“The mountains may not be destroyed, the valleys may not be damaged, What is long may not be cut short, what is short may not be lengthened, We must remain faithful to the ways of our ancestors." – Traditional Baduy verse
Written by Irfan Kortschak
For tourists, journalists, and anthropologists alike, the very idea of a people who live deep in the forest, excluding all outsiders, has a powerful fascination. A ‘Keep Out’ sign exerts an allure as powerful as the locked cupboard at the end of Bluebeard’s corridor, and for no better reason than that outsiders are not welcome. In our hearts, perhaps, each of us secretly believes we are special, and will be welcome at spectacles and events closed to ordinary mortals.
It was this fantasy that had led me, clambering up and down steep, slippery footpaths, past dry rice fields and through light secondary forest and bamboo glades, to a rickety looking bamboo bridge that creaked and swayed gently in the breeze. I sat, scowling and biting my nails, and wiping the sweat from my face with a hand filthy with mud.
I couldn’t cross this bridge, and not because it looked too rotten and fragile to bear my weight. At any rate, a fall would not have been the catastrophe in might have been elsewhere. The water in the stream was clean and pure, unsullied by the household waste that turns the banks of rivers elsewhere in Indonesia into fly-infested eyesores. But I scowled at the babbling brook, in no mood to be impressed by its song. For me, the river was just the boundary that separated the territory of the Inner Baduy from the outside world. On the other side, where I couldn’t go, lived a community whose members are required to maintain a stringent degree of ritual purity. And they didn’t want me anywhere near them.

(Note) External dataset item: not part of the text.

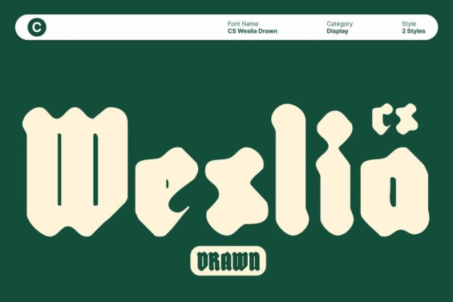 CS Weslia Drawn Font This is a striking gothic display font that blends the sharp intensity of classic gothic typography with clean, modern proportions. Its tall letterforms, dramatic vertical emphasis, and refined flourishes preserve the heritage of gothic design while introducing a more structured and contemporary feel. This balance makes the font bold and expressive without feeling overly ornate or outdated.

It was nothing personal, nothing that I’d done. It was what I was, a foreigner, a city dweller, a luxury lover. For the Baduy, outsiders in general and foreigners in particular are a polluting influence, and are permitted to enter only rarely, by the grace of the custodians. Unsullied by the presence of outsiders, the sacred forest is protected by the ritually pure guardians of the sacred forest, at the centre of which lies the Arca Domas, an ancient megalithic site about which little is known.

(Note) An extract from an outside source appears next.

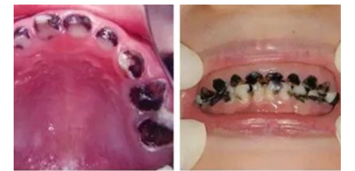 长期如此,宝宝的前牙会出现环状的黄、黑色斑块,甚至缺损等问题,医生把这种由夜奶导致的牙齿问题叫做“奶瓶龋”。

Precisely because the Baduy turn their back on the world, refusing to explain or justify themselves, they exert a powerful attraction. Peering in through the cracks in the forest, outsiders strain to make sense of the incomprehensible by projecting their own fantasies and fears. For believers in magic, the Baduy are powerful wizards; for environmentalists, they are noble savages; for the religious, they are unrepentant pagans. Confused observers variously describe them as a lost tribe, aristocratic Hindu refugees, or the Amish of the East. Meanwhile, the Baduy continue to live their lives, entirely indifferent to whatever outsiders choose to believe.
While much remains a matter for conjecture, some facts are known for certain. Members of the innermost community live in one of three villages, Cikartawana, Cibeo, and Cikeusik, located on the forested foothills around Mt. Kendang, southeast of Rangkasbitung, in the province of Banten.
The beliefs of the Baduy require villagers to cultivate subsistence crops without hoe, plough, or irrigation, practicing slash and burn agriculture and rotating the use of land. The Inner Baduy may not alter the course of a stream or level land for any purpose. While the men fish, hunt and gather fruit and honey from the forest, they do so in the least intrusive and destructive fashion possible. Also, the Inner Baduy refrain from the use of manufactured goods of any sort. They produce all their own household and personal items, their own tools and agricultural equipment, using materials they gather or grow. They dress in plain cloth that the women spin and fashion into clothes. Men wear a white headdress and shirt and a black sarong with vertical white stripes, while women wear a black sarong and bodice. Only certain basic materials, such as raw iron used for fashioning knives and raw cotton used for weaving, are imported from the outside world. The inner Baduy do not ride horses or vehicles of any sort. When they travel abroad, they walk, always, no matter how far.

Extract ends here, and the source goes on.